The G20 (or Group of Twenty) is an international body established to manage the global economy, and includes members from developing economies.
This reference set examines the issues facing developing countries and studies the role that the G20 can play in light of continuing challenges and objectives to meet the UN's Sustainable Development Goals (SDG).
Volume 1 sets out the state of the world economy and the intricate functions of the G20 in policy coordination and economic cooperation. It also deals with the interests and strategies of some developing country members of the G20. These chapters answer questions such as what the country expects from the G20, the strategies adopted to achieve its ends, the extent to which it sees itself as a representative of developing countries in its region and how does it seek to represent them.
The G20 has also centred its efforts around helping countries achieve the UN Sustainable Development Goals (SDGs). Volume 2 concentrates on trade issues and the prospects of achieving the SDGs. In this context, it examines whether the SDGs themselves are a desirable goal in terms of what the nature of development is which underlies these goals.
Contents:
- About the Editors-in-Chief
- Acknowledgements
- Introduction
- Part I Trade:
- Which Way Forward? The Role of Free Trade for the Development of the World Economy (Cora Jungbluth and Thieβ Petersen)
- China and Global Economic Governance (Tian Huifang)
- Part II Sustainable Development Goals:
- Prospects for Achieving the Sustainable Development Goals (Manmohan Agarwal and Adrita Banerjee)
- Guardian of the Common Good or National Power Projection? What Role for the G20 in the Global Partnership for Sustainable Development? (Thomas Fues)
- The G20 and the 2030 Agenda for Sustainable Development (Imme Scholz and Clara Brandi)

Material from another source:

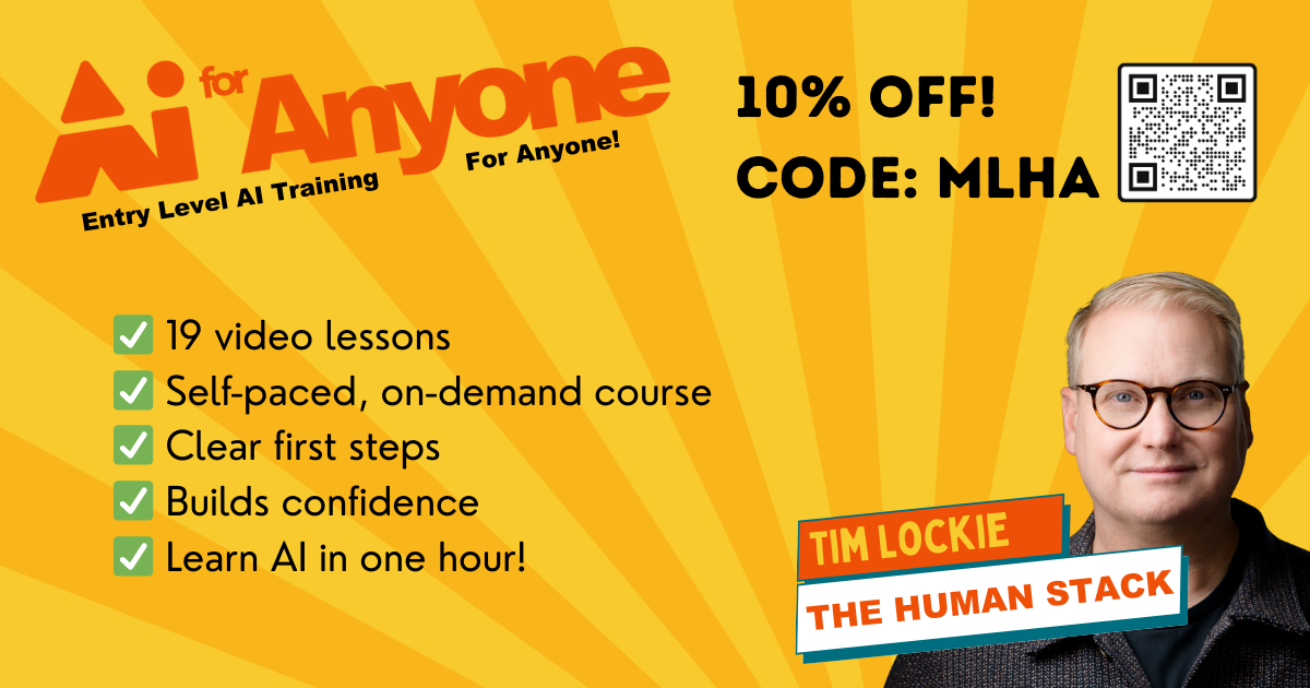 Tim’s course, AI for Anyone, is a 60-minute, hands-on training session built for beginners. View the course here: https://thehumanstack.com/academy/aiforanyone. MLHA members get 10% off with code MLHA.

- The Potential of SDG-3 for Reducing Health Inequities: Across and Within Nations (T Sundararaman and Alok Ranjan)
- Universal Healthcare and Africa: Key Policy Challenges and the Role of G20 (T C James)
- Part III Education:
- The Goals Concealed in the Goal Revealed: Taking Forward Global Education from SDG 4 (Arshima Champa Dost)
- Public Investment in Education and Out of School Children: The Case of India in South Asia (Susmita Mitra and Manmohan Agarwal)
- Index
Readership: Economists, researchers and scholars in international economics, developing economies and international economic governance, especially those studying the effect of the 2008 crisis on developing countries such as Africa and Latin America; researchers and political scientists in international political economy.

John Whalley is a Professor of Economics at Western University; a Fellow of The Royal Society of Canada, Fellow of The Econometric Society, Foreign Member of the Russian Academy of Natural Sciences, Fellow of the Canadian Economics Association, Research Associate at the National Bureau of Economic Research (NBER), Coordinator of Global Economy Group at the CESifo (Germany), and Distinguished Fellow at the Centre for Global Governance Innovation (CIGI, Canada). Professor Whalley is ranked No.1 in Canada among publishing economists in the RePEc rankings. He holds a BA in Economics from Essex University (1968), and an MA (1970), M.Phil (1971) and a PhD (1973) from Yale University. He won the Hellmuth Prize for Achievement in Research, and also is 2012 Killam Prize Winner.

Professor Manmohan Agarwal is the Reserve Bank Chair at the Centre for Development Studies at Thiruvananthapuram, Kerala, India. Earlier he had retired as a professor from Jawaharlal Nehru University, New Delhi, India where he taught for almost thirty years. Subsequently, he was a senior fellow at the Centre for International Governance Innovation (CIGI) at Waterloo Canada where he worked on issues of the world economy including the G20 and South-South cooperation. He is also a Senior Fellow at Research and Information Systems for Developing Countries, New Delhi and an adjunct senior fellow with the Institute of Chinese Studies. He also worked for a number of years at the World Bank and the International Monetary Fund. His research has been mainly in the area of International Economics and Development Economics.